# 695 v. C59?



## migdriver (Jun 1, 2012)

Need pros and cons: trying to decide between a 695 vs a Colnago C59. I'm a "senior" rider and have no interest in racing but am looking for a significant upgrade from my 566 with an eye towards acceleration and climbing prowess but without "twitchiness' and while retaining ride comfort.
Thanks


----------



## CleavesF (Dec 31, 2007)

Last time I checked, both were full-blown racing bikes. 

Just because you can afford the cream of the crop, doesn't mean it's really what you're looking for. I don't think either are meant to be "plush" rides vs. "racing" bikes.


----------



## migdriver (Jun 1, 2012)

I never mentioned plush....but I am looking for a ride on the more comfortable end of the spectrum. I've ridden the C59 and loved everything about it: ride quality, acceleration, handling etc. But, having enjoyed my 566 so much I didn't want to buy a colnago and later regret not having bought the 695....especially as my LBS has many happy Look owners. I am looking for a pro con comparison of both bikes...$ aside.


----------



## CleavesF (Dec 31, 2007)

I think you answered your own question. Test ride the 695 and you'll know your answer for sure then. 
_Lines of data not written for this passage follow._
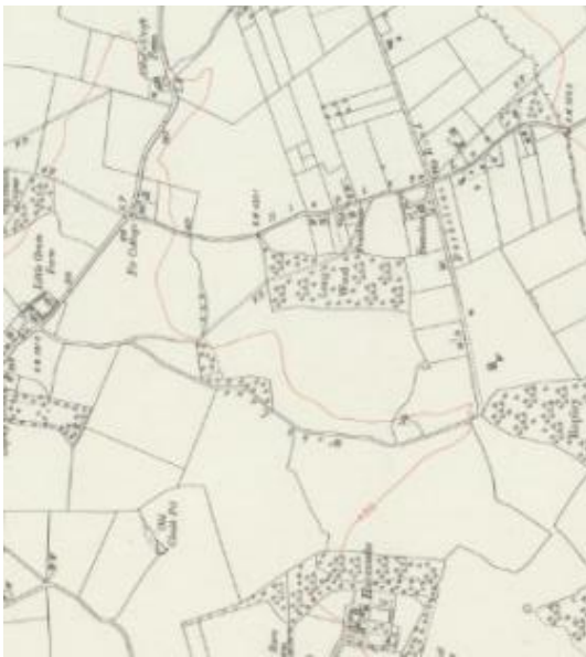
1910 Ordnance Survey showing the new Parkstone Road linking to Webb Lane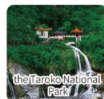
the Taroko National Park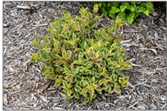
Rainbow Sensation Weigela

Rainbow Sensation Weigela makes a fine choice for the outdoor landscape, but it is also well-suited for use in outdoor pots and containers. Because of its height, it is often used as a 'thriller' in the 'spiller-thriller-filler' container combination; plant it near the center of the pot, surrounded by smaller plants and those that spill over the edges. It is even sizeable enough that it can be grown alone in a suitable container. Note that when grown in a container, it may not perform exactly as indicated on the tag - this is to be expected. Also note that when growing plants in outdoor containers and baskets, they may require more frequent waterings than they would in the yard or garden.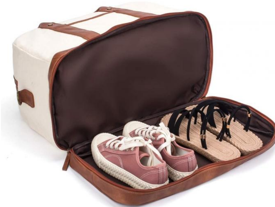
1. Waterproof Material

Asking for pros/cons on top tier bikes like this basically just comes down to whether you want to brag about having an Italian girlfriend or a French one.


----------



## migdriver (Jun 1, 2012)

Sigh....I never mentioned bragging rights....not an issue for me. But to continue your girlfriend analogy; after the first few "rides" with either girl, when the newness and initial excitement wears off more enduring qualities become apparent. It's those qualities that I was hoping owners or those with more experience than I with both bikes might be able to give me help with and was the purpose of my question and why I posted here and on the Colnago forum rather than under general discussion. 
So, let me try again: is one more high maintainance than the other? Does the BB on the Look frequently need a rebuild as suggested elsewhere? Does the ride and agility of either bike remain it's main attribute or are thereother reasons to prefer one over the other? etc. In car terms; the Ferrari 458 and the McLaren Mp4 12C are both gorgeous in their own ways, and perform similarily. However, they are different in overall character and one is easier to live with and is more apt to bring a smile on your face 6 months down the road. Same here I suspect, Look or C59?


----------



## ReLLiK75 (Jun 20, 2007)

migdriver said:


> Sigh....I never mentioned bragging rights....not an issue for me. But to continue your girlfriend analogy; after the first few "rides" with either girl, when the newness and initial excitement wears off more enduring qualities become apparent. It's those qualities that I was hoping owners or those with more experience than I with both bikes might be able to give me help with and was the purpose of my question and why I posted here and on the Colnago forum rather than under general discussion.
> So, let me try again: is one more high maintainance than the other? Does the BB on the Look frequently need a rebuild as suggested elsewhere? Does the ride and agility of either bike remain it's main attribute or are thereother reasons to prefer one over the other? etc. In car terms; the Ferrari 458 and the McLaren Mp4 12C are both gorgeous in their own ways, and perform similarily. However, they are different in overall character and one is easier to live with and is more apt to bring a smile on your face 6 months down the road. Same here I suspect, Look or C59?



I had the same dilemma. I was only buying a frame and moving all my components over from my old bike and was definitely leaning toward the C59. When it came time to pull the trigger I bought the 695--but only because I didn't have to buy a new crank set, which meant less money out the door. I've been riding my 695 since July 2012 and it's definitely a fun bike. I've done a few centuries on it, but when the road is rough it'll definitely beat you up. I've heard the lugged construction of the C59 helps absorb a lot of the road chatter.

Now that I've put a good number of miles on it, I'm really wishing I had gotten the C59. If you damage your crank, you can't easily swap things out. If you don't like your seatpost (I hate the way it adjusts) you can't swap it out for something else. The 695 is great as an all-in-one set it and forget it bike. They look great are nice and stiff, and very fun to ride. But forget being able to easily replace/repair it. As a matter of fact, in my case, if the bike shop where I bought my 695 goes out of business, I'm screwed since they're the only ones in town with the tools to work on the 695. Had I gotten the C59, I could have loaded it up with any gruppo and never have to worry about needing special tools to take apart the crank. Hindsight. 

If you don't feel your LBS selling Looks is going to close it's doors anytime soon and don't mind not being able to easily repair/replace parts, and don't mind the pain-in-the-ass seat post, the new 695s are BEAUTIFUL!


----------



## migdriver (Jun 1, 2012)

Thank You! That's the kind of input/insight I was looking for in order to make the decision. When you auditioned the C59 did it seem more subdued compared to the Look in terms of handling/agility? Climbing? And lastly; any word re a 695 replacement this year?


----------



## Salsa_Lover (Jul 6, 2008)

Get a NOS C50 from RACycles or similar, you won't regret it


----------



## ReLLiK75 (Jun 20, 2007)

migdriver said:


> Thank You! That's the kind of input/insight I was looking for in order to make the decision. When you auditioned the C59 did it seem more subdued compared to the Look in terms of handling/agility? Climbing? And lastly; any word re a 695 replacement this year?


They both seemed to handle about the same. My test rides were relatively short, but I noticed both were very stiff and both tracked quite nicely. I saw 695s at Interbike last Sept, so I don't think there's a replacement coming anytime soon.


----------